21.06.2017

Virus auf dem Röngten-Seziertisch

Neuartiges Röntgenlaser-Verfahren liefert 3D-Struktur eines intakten Virus bei Raumtemperatur.

Ein internationales Forscherteam hat erstmals mit einem Röntgenlaser die atom­genaue Struktur eines intakten Virus­partikels entschlüsselt. Die verwendete innovative Methode reduziert die für die Analyse nötige Menge an Virusmaterial drastisch und beschleunigt die Untersuchung um ein Vielfaches. Dies eröffne völlig neue Forschungs­möglichkeiten, berichtet das Team unter der Leitung von DESY-Wissenschaftler Alke Meents.

Abb.: Mikroskopaufnahme des mikrostrukturierten Probenträgers, beladen mit Kristallen für die Untersuchung. Jedes Viereck ist ein winziger Kristall. (Bild: P. Roedig, DESY)

In der Strukturbiologie untersuchen Forscher die räumliche Struktur von Biomolekülen, um daraus deren Funktions­weise zu entschlüsseln. Dieses Wissen nützt dem Verständnis fundamentaler biologischer Vorgänge im Organismus wie beispielsweise dem Transport von Material in die und aus der Zelle und kann auch zur Entwicklung neuer Medikamente beitragen: „Die Kenntnis der dreidimensionalen Struktur eines Proteins gibt einzig­artige Einblicke in seine biologische Funktion“, erläutert Koautor David Stuart, Life-Science-Direktor am britischen Synchrotron Diamond Light Source und Professor an der Universität Oxford. „Wenn wir beispiels­weise die Struktur eines Proteins kennen, mit dem sich das Virus an eine Zelle ‚anhakt‘, versetzt uns das möglicherweise in die Lage, einen Schutz für die Zelle zu entwickeln, sodass das Virus unfähig ist, sie anzugreifen.“

Die bei weitem ergiebigste Methode der Strukturbiologie ist die Röntgen­kristallo­graphie, mit der bereits tausende Strukturen von Biomolekülen bestimmt worden sind. Hierbei werden kleine Kristalle aus den zu untersuchenden Proteinen gezüchtet und mit hoch­energetischem Röntgenlicht beleuchtet. Die Kristalle streuen die Röntgenstrahlung auf charakteristische Weise, sodass sich aus den entstehenden Beugungs­mustern die räumliche Struktur des Kristalls – und somit seiner Bestandteile – atomgenau berechnen lässt. Allerdings sind Proteinkristalle nicht so stabil und unempfindlich wie beispielsweise Salz­kristalle. Sie sind schwer zu züchten, bleiben oft winzig klein und werden schnell von der energiereichen Röntgen­strahlung beschädigt.
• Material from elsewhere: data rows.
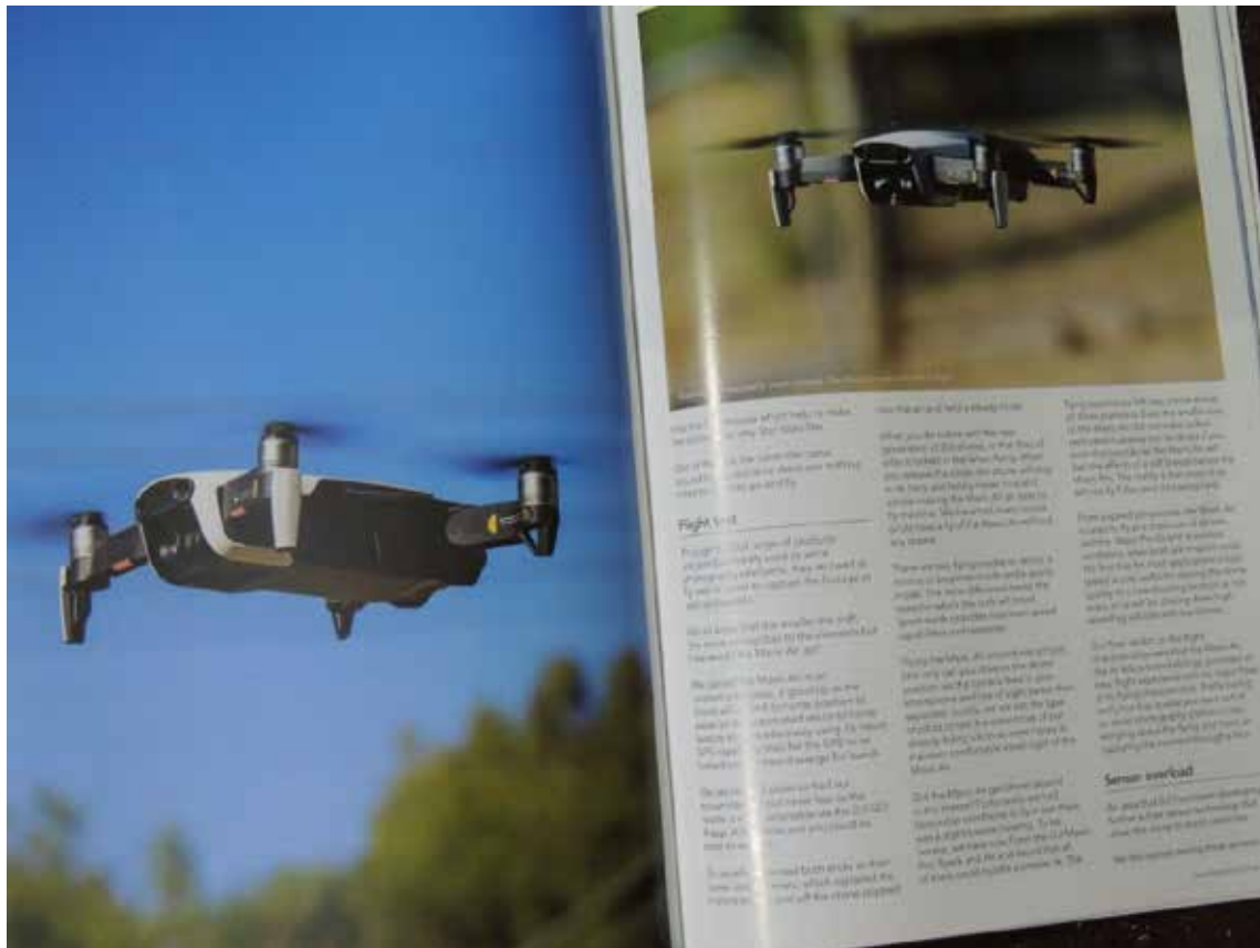
The current multi rotor interest (aka incorrectly called 'drones') is well catered for with reviews of the latest models and articles on the races.

My contact is oilyhand@bigpond.net.au if you have the need and my name is Brian Winch.
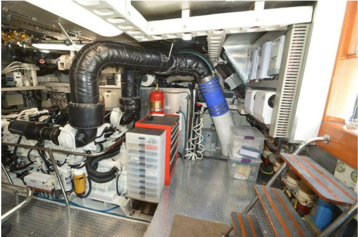
Engine room 6
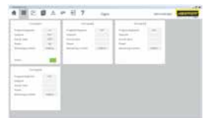
Graphic display of main overview (version with 4 furnaces)
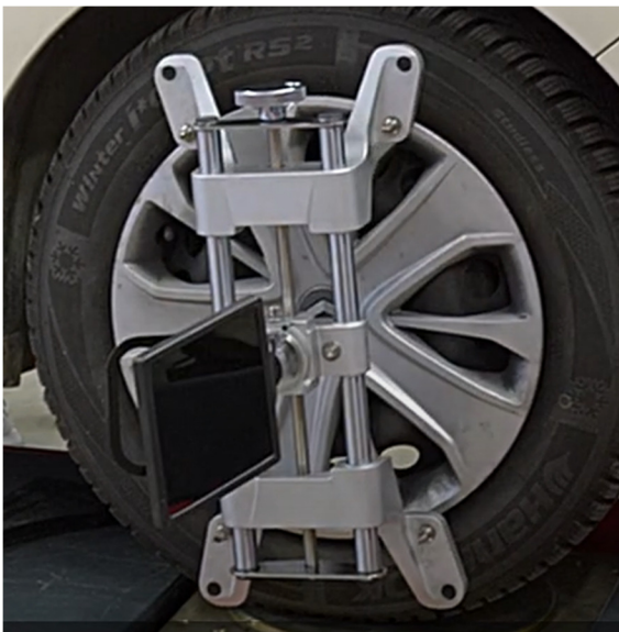
10"-21" Self-centering wheel clamps with 26" extender brackets

Operating Light Indications in integrated synoptic panel.
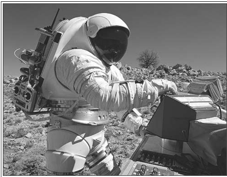
Johnson Space Center has been testing NASA's prototype spacesuits in the Flagstaff area since the '60s. This photograph is from a 2006 testing session. JSC and NASA are expected to be testing on Babbitt Ranch lands next spring.

With its lunar-like volcanism and impact craters, northern Arizona has long been considered well-suited for training NASA's astronauts for the six Apollo expeditions to the Moon. Next spring, geoscientists plan to test proto-type Lunar and Mars spacesuits and several robotic rovers from NASA engineering teams on the CO Bar Ranch.

„Röntgenlaser haben einen neuen Zugang zur Protein-Kristallo­graphie ermöglicht, weil sich mit ihren extrem intensiven Blitzen auch noch winzigste Kristalle analysieren lassen, die an anderen Röntgen­licht­quellen kein ausreichend helles Streubild erzeugen“, betont Armin Wagner von der Diamond Light Source, ebenfalls Koautor der Studie. Jeder dieser Mikro­kristalle kann allerdings nur ein einziges Streubild liefern, weil er danach im Röntgenlaserblitz verdampft. Für eine Strukturanalyse sind in der Regel aber hunderte bis tausende Streubilder nötig. Daher schießen Forscher bei derartigen Untersuchungen in der Regel einen feinen Flüssigkeitsstrahl mit Proteinkristallen durch den gepulsten Laser, der in schneller Folge ultra­kurze Röntgen­blitze abfeuert. Jedes Mal, wenn ein Röntgenblitz zufällig einen Mikro­kristall trifft, entsteht ein Streubild und wird aufgezeichnet.

Das Problem bei dieser grundsätzlich sehr erfolgreichen Methode, mit der bereits die Strukturen von mehr als 80 Biomolekülen entschlüsselt worden sind: „Die Treffer­quote liegt typischerweise bei unter einem Prozent der Röntgen­blitze, womit die meisten der kostbaren Mikro­kristalle ungenutzt im Auffang­behälter landen“, sagt Meents vom Hamburger Center for Free-Electron Laser Science (CFEL), einer Kooperation von DESY, Universität Hamburg und Max-Planck-Gesellschaft. Die bisher angewandten Methoden benötigen daher typischerweise mehrere Stunden Messzeit und deutlich mehr Proben­material, um die Struktur zu entschlüsseln.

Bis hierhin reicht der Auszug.